Tutto ciò avvenne parallelamente ad un cambiamento nel paradigma ideologico alla base delle biblioteche: se almeno fino alla fine degli anni ’50 vi fu una sostanziale continuità d’intenti soggiacenti all’istituto (istruzione popolare), a partire dagli anni ’60 incominciò ad affermarsi sempre più l’idea di public library anglo-americana come biblioteca aperta e rivolta a tutti

volta quindi a soddisfare nella misura più larga possibile le esigenze dei singoli. Ciò sul presupposto che la democrazia consista essenzialmente nel fornire a tutti i cittadini uguali possibilità in tutti i campi, quindi anche in quello culturale, possibilità che spetterà poi agli stessi individui far fruttare come meglio avranno saputo (teoria delle «pari opportunità»). [Traniello, 2014, p. 144]
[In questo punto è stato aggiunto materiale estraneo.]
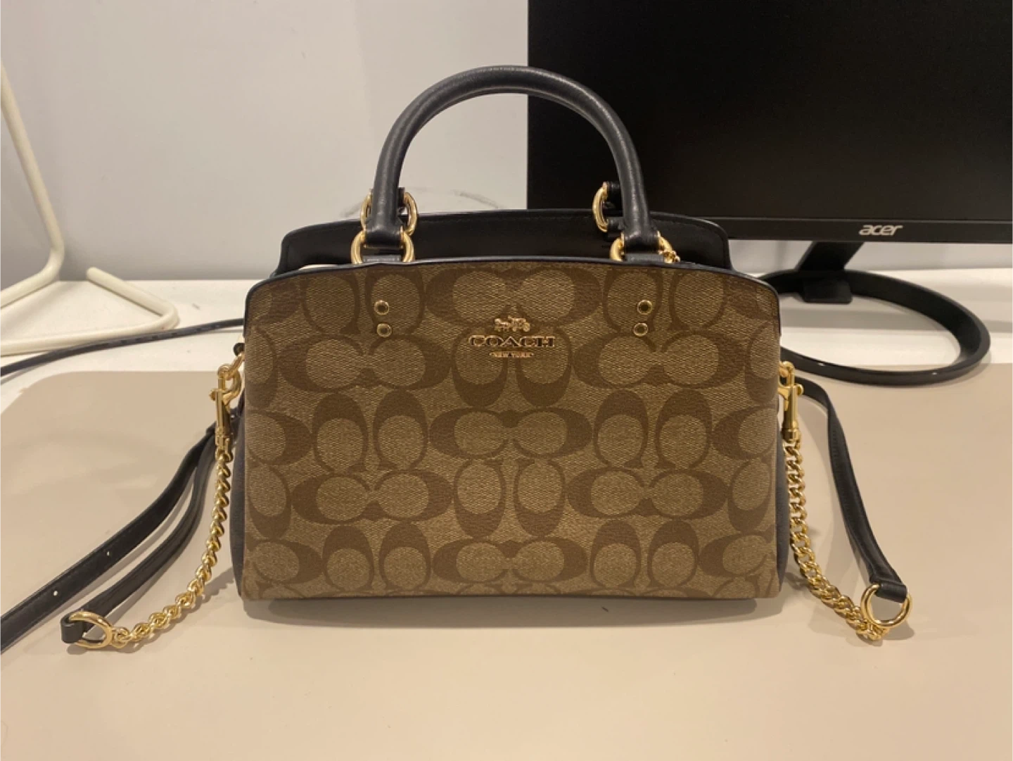 This stylish bag is in great condition and perfect for everyday use. It features a classic design with gold-tone hardware and a detachable strap for versatile carrying options. The interior is spacious enough to hold your essentials, making it both practical and fashionable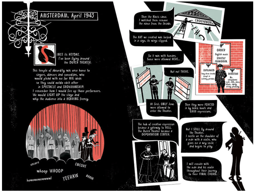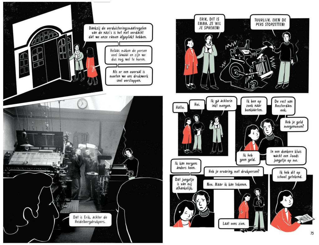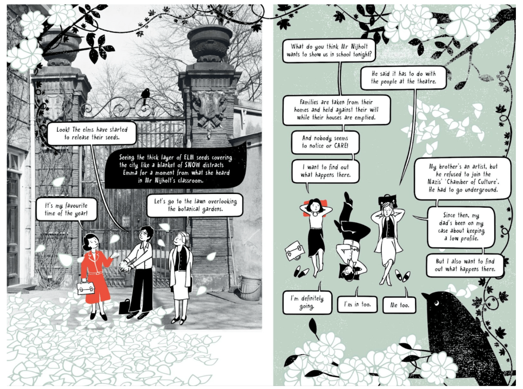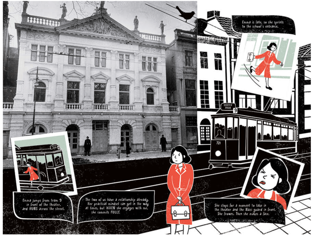 Van Lieshout uses archival research to integrate period photos into her text, creating collages that seamlessly interject historical accuracy and the unique geography of Amsterdam within her striking graphic panels. Through this interplay of physical media and graphic novel conventions, she explores themes of creating art as resistance and acts of moral courage, harnessing the power of memory and intergenerational trauma, and capturing the importance of critical thinking in the face of propaganda. These themes work together to create a graphic novel that is not just a historical account, but a contemporary reflection on art, activism, and remembrance.

Le forze e le disponibilità finanziarie diventarono sufficienti - affinché vi fosse una tale evoluzione in senso statistico ed ideologico - solo a partire dallo sviluppo economico e sociale che ebbe luogo durante il secondo dopoguerra. La public library è espressione, infatti, di una società industrializzata in cui esiste parallelamente un’organizzazione amministrativa sufficientemente decentrata [Traniello, 2005]. Questo contribuisce a spiegare in parte i ritardi italiani e, allo stesso tempo, il fatto che il fenomeno a ‘marea’ coincida con le tempistiche dello sviluppo industriale del paese.